Wednesday, August 13, 2008

Q2: More evidence of the investment thesis

Q2: Revenues up 97%, Expenses up 53%. What's not to like.

PJM revenues started kicking in. The market cheered the raising of the revenue guidance and the stock took off to 18 again as the momentum players had a little fun. But then the momo's cashed out and the stock traded back down below 15.

Why? Probably because the company also raised expense guidance towards the high end of the range and said that the incremental revenue would end up being profit neutral.

Wall Street mistaken view: You (ENOC) are still too spend happy

Our View: Whippee -- zero cost investment in a great business!

What's the difference: Until you can calculate the NPV of a new customer or MegaWatt under contact you can't really tell if it is a good idea or a bad idea to invest incremental revenues or let them fall to the bottom line. The company can calculate that. Wall Street either can't, isn't, or is freaked by young guys spending money -- but this isn't that gig -- these guys know what they're doing.
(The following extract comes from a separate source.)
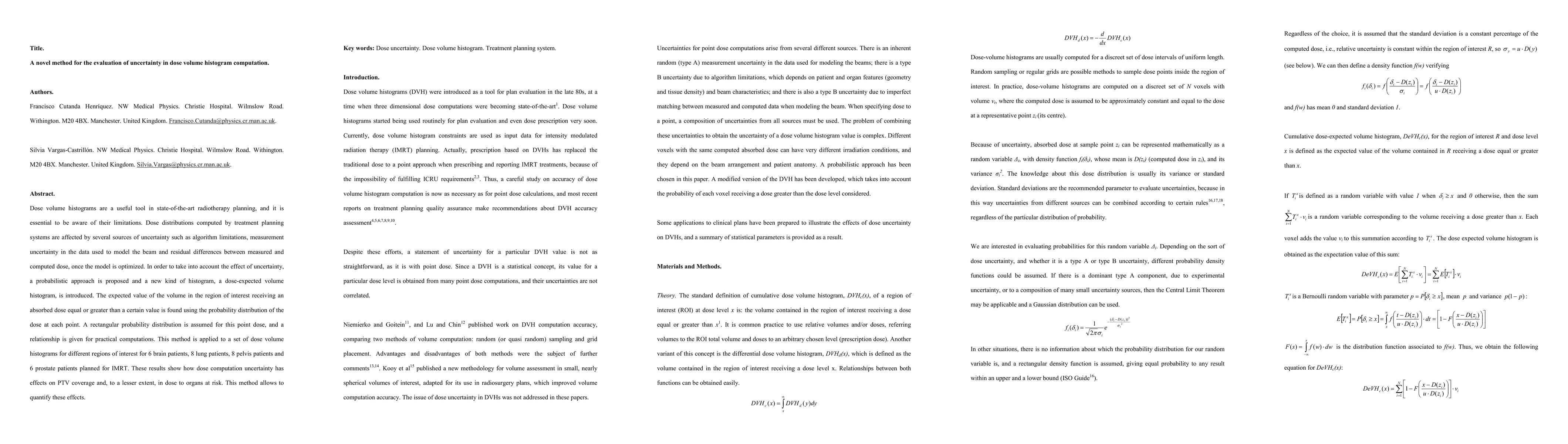This paper proposes a probabilistic method to evaluate uncertainty in dose volume histograms used in radiotherapy planning, introducing a dose-expected volume histogram to quantify uncertainties from algorithm limitations and measurement errors. Applied to various patient groups, the method demonstrates its effectiveness in assessing uncertainties' impact on target coverage and organ at risk doses.

Our thesis: Inflection point has moved out to about 160M- 170M level but returns after inflection point are near software levels. Marketshare matters as the industry is developing. The market is misunderstanding the near term pickup in PJM prices which ENOC will use to get to profitability faster. Q3 will be a positive surprise. Then the market will fret over seasonality. Volatility will continue with momentum players whipsawing this thing. By Q3 2009 it will all be understood and appreciated and the company will be worth 600M. (that's our view).